# YOUR ASSIGNMENT
Your answer must be an exact transcription of every record below, with the pictures omitted.

# RECORDED INFORMATION

####

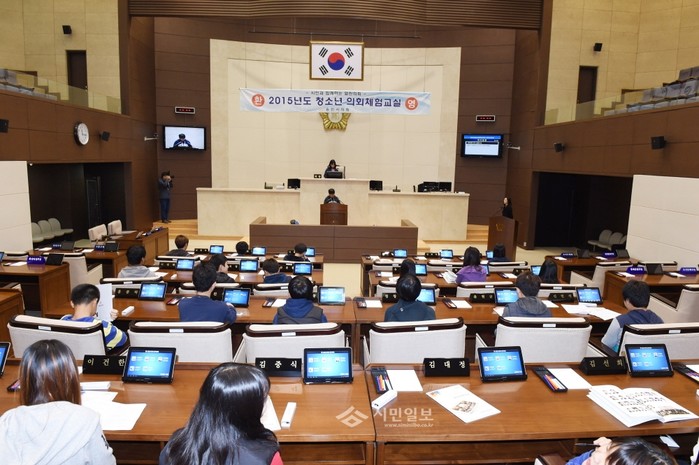 지난 10일 경기 용인시의회가 의회를 방문한 능원초등학교 30여명을 대상으로 '청소년 의회체험교실'을 연 가운데 학생들이 의장·의원·공무원 등의 역할을 나눠 조례안 심의를 진행하고 있다. (사진제공=용인시의회)
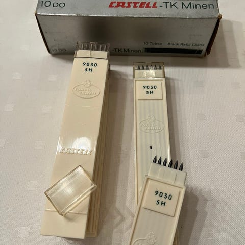 Se lenke for blyanter og pris uten pleksiglass. Blyantene som selges er en eldre utgave og ikke kantete i formen, samt penere font på blyantene.
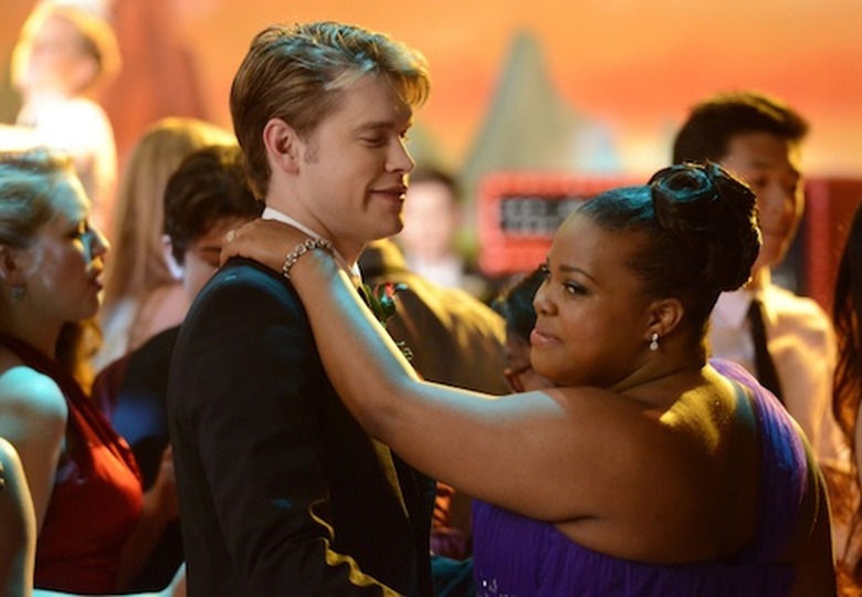 GLEE: Sam (Chord Overstreet, L) and Mercedes (Amber Riley, R) share a dance in the "Prom-asaurus" episode of GLEE airing Tuesday, May 8 (8:00-9:00 PM ET/PT) on FOX. ©2012 Fox Broadcasting Co. Cr: Mike Yarish/FOX
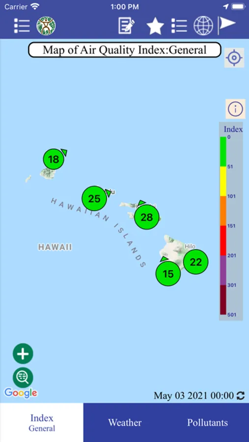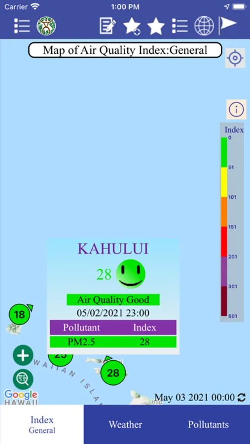 The data displayed in this application was acquired from air quality monitoring stations operated by Hawaii Department of Health.
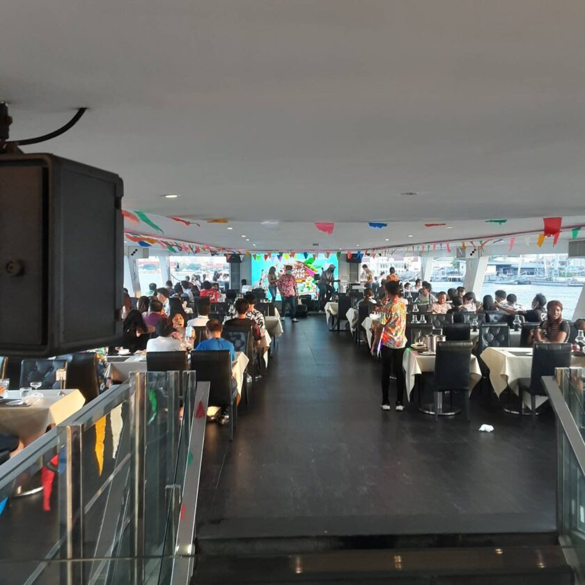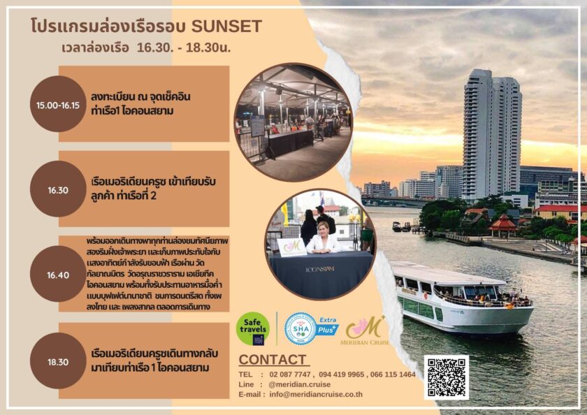 - Meridian Cruise แนะนำสำหรับท่านที่ไม่อยากกลับดึกรอบนี้เลย รอบพระอาทิตย์ตกดินและ เปิดรอบเพิ่มเพื่อร่วมฉลองเทศกาลสงกรานต์ 13-16 เมษายน 2566 พาคนรัก พาครอบครัวมานั่งชิลล่องเรือชมพระอาทิตย์ตกดินในวันสงกรานต์ แถมยังมีเวลาช็อปที่ไอคอนสยามต่อหลังจากลงเรืออีกด้วย
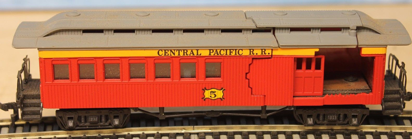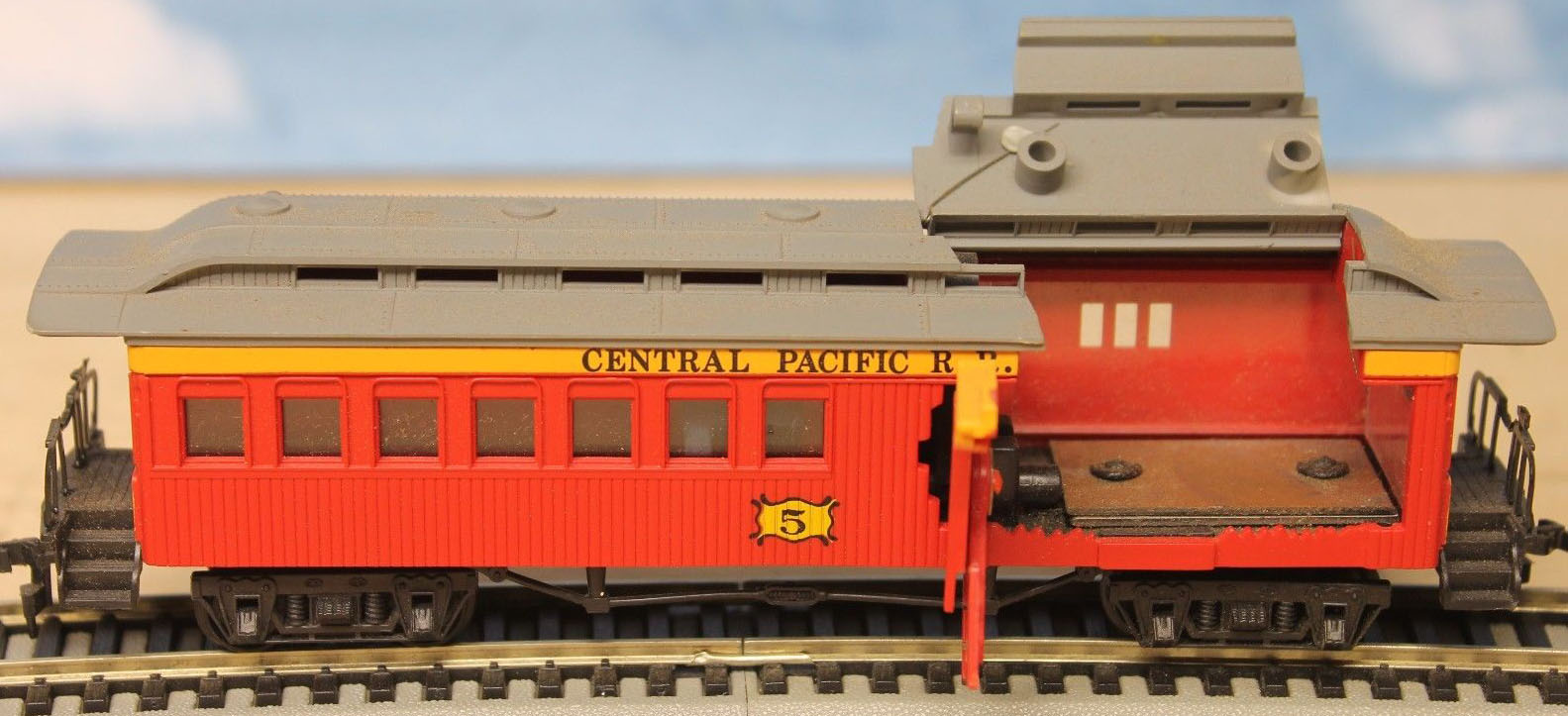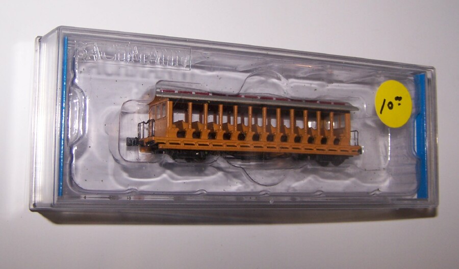 Wow, an exploding Combine! Never knew THAT one existed! I like it. My cartribution this week is an N gauge open passenger excursion car, first I've seen in N gauge. Only $10, so I got it. I have a red one in HO like it, by Bachmann as well. I like these excursion cars for some reason.
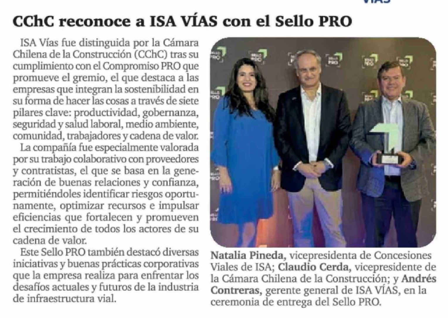 CChC reconoce a ISA VÍAS con el Sello PRO
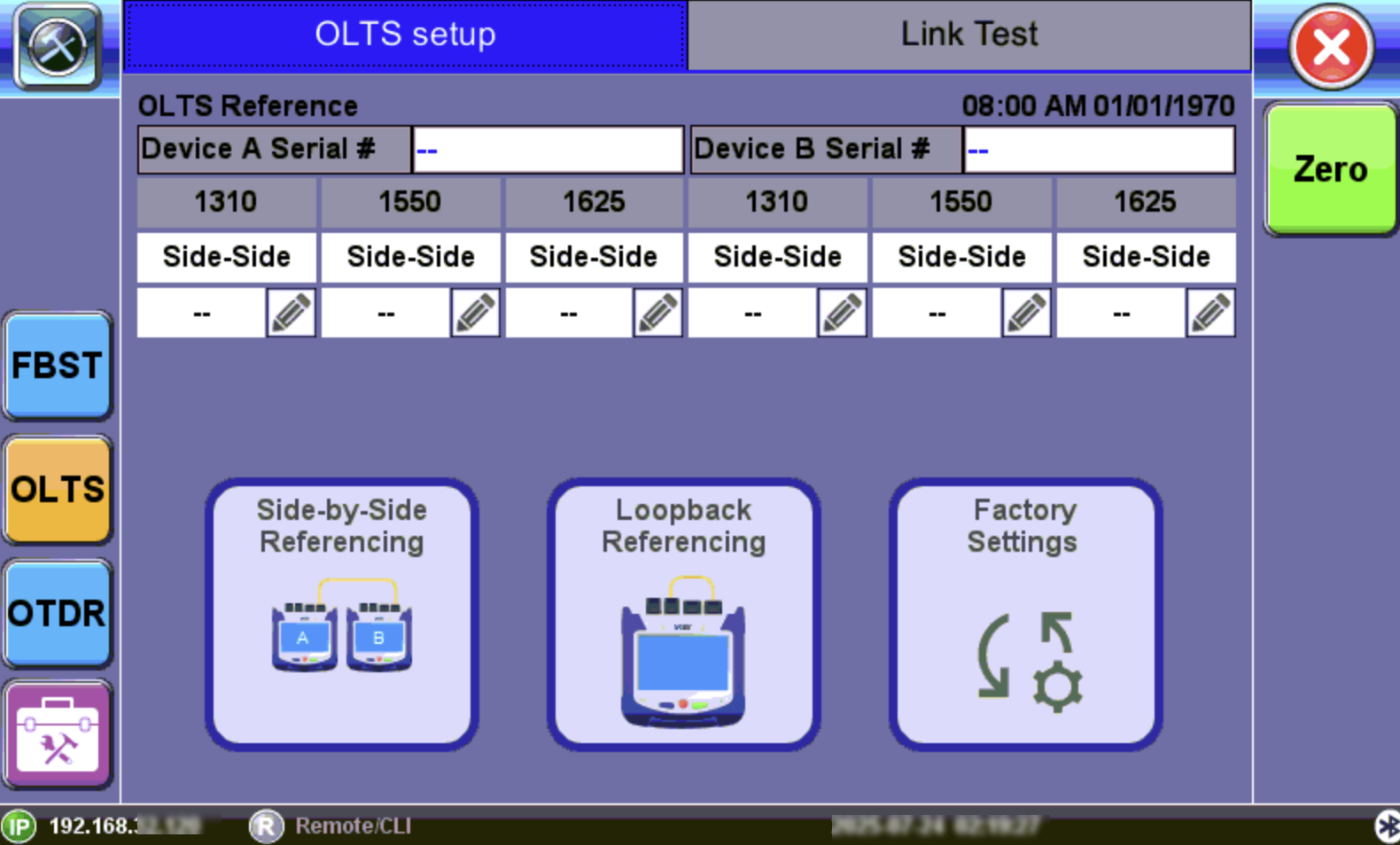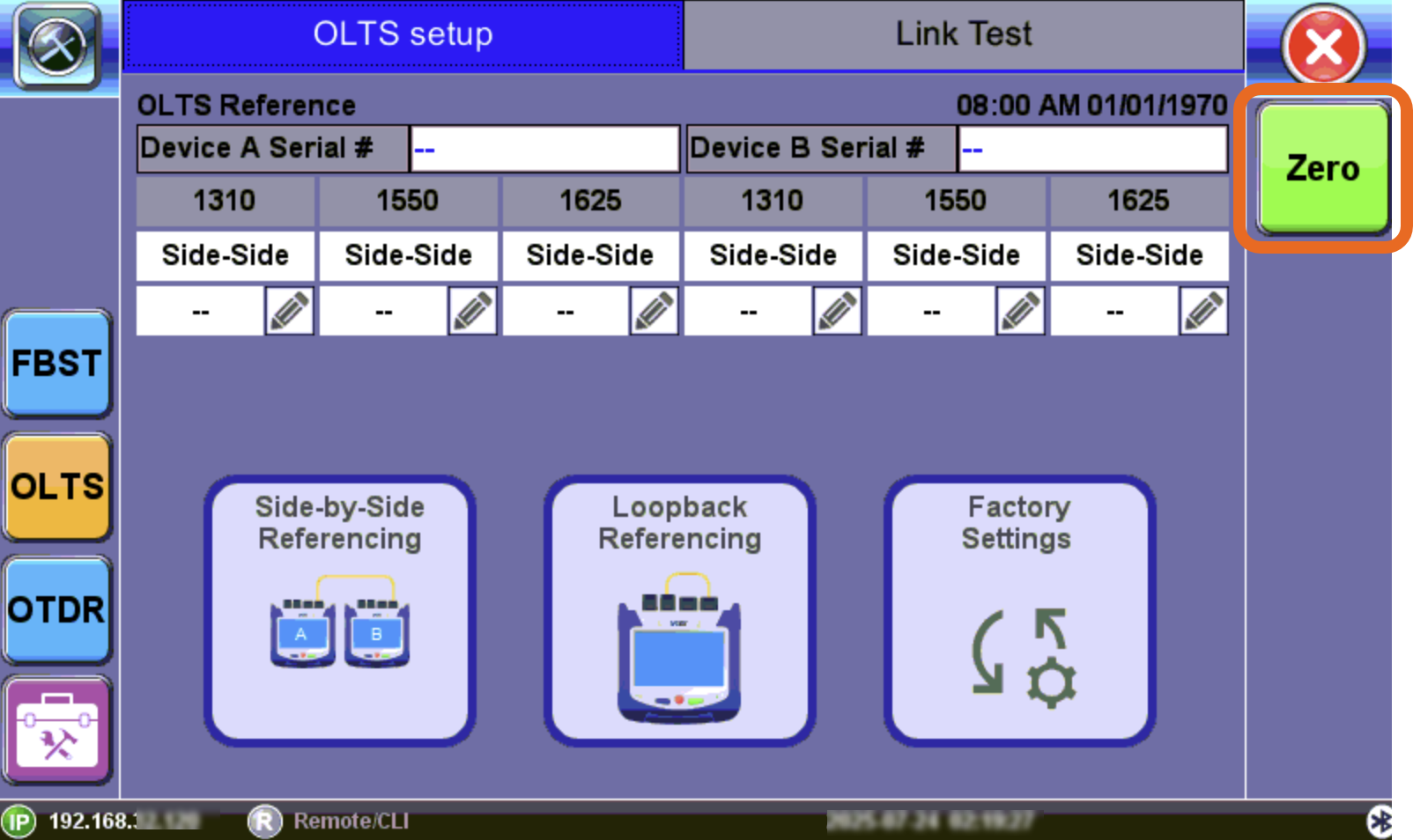 Use by connecting two units next to each other.Connect the OTDR ports on both test sets together, using a clean patch cord that will be used for testing. If needed, on the Remote test set, select the FBST button to place in FiberBEAST™ mode. Keep the main Controller test set in OLTS mode and select Side-by-Side Referencing. The test sets will perform insertion loss and ORL referencing automatically and store these references in the main unit for future tests. The remote unit does not require any user input or action.

####

# OUTPUT BELOW
 지난 10일 경기 용인시의회가 의회를 방문한 능원초등학교 30여명을 대상으로 '청소년 의회체험교실'을 연 가운데 학생들이 의장·의원·공무원 등의 역할을 나눠 조례안 심의를 진행하고 있다. (사진제공=용인시의회)
 Se lenke for blyanter og pris uten pleksiglass. Blyantene som selges er en eldre utgave og ikke kantete i formen, samt penere font på blyantene.
 GLEE: Sam (Chord Overstreet, L) and Mercedes (Amber Riley, R) share a dance in the "Prom-asaurus" episode of GLEE airing Tuesday, May 8 (8:00-9:00 PM ET/PT) on FOX. ©2012 Fox Broadcasting Co. Cr: Mike Yarish/FOX
 The data displayed in this application was acquired from air quality monitoring stations operated by Hawaii Department of Health.
 - Meridian Cruise แนะนำสำหรับท่านที่ไม่อยากกลับดึกรอบนี้เลย รอบพระอาทิตย์ตกดินและ เปิดรอบเพิ่มเพื่อร่วมฉลองเทศกาลสงกรานต์ 13-16 เมษายน 2566 พาคนรัก พาครอบครัวมานั่งชิลล่องเรือชมพระอาทิตย์ตกดินในวันสงกรานต์ แถมยังมีเวลาช็อปที่ไอคอนสยามต่อหลังจากลงเรืออีกด้วย
 Wow, an exploding Combine! Never knew THAT one existed! I like it. My cartribution this week is an N gauge open passenger excursion car, first I've seen in N gauge. Only $10, so I got it. I have a red one in HO like it, by Bachmann as well. I like these excursion cars for some reason.
 CChC reconoce a ISA VÍAS con el Sello PRO
 Use by connecting two units next to each other.Connect the OTDR ports on both test sets together, using a clean patch cord that will be used for testing. If needed, on the Remote test set, select the FBST button to place in FiberBEAST™ mode. Keep the main Controller test set in OLTS mode and select Side-by-Side Referencing. The test sets will perform insertion loss and ORL referencing automatically and store these references in the main unit for future tests. The remote unit does not require any user input or action.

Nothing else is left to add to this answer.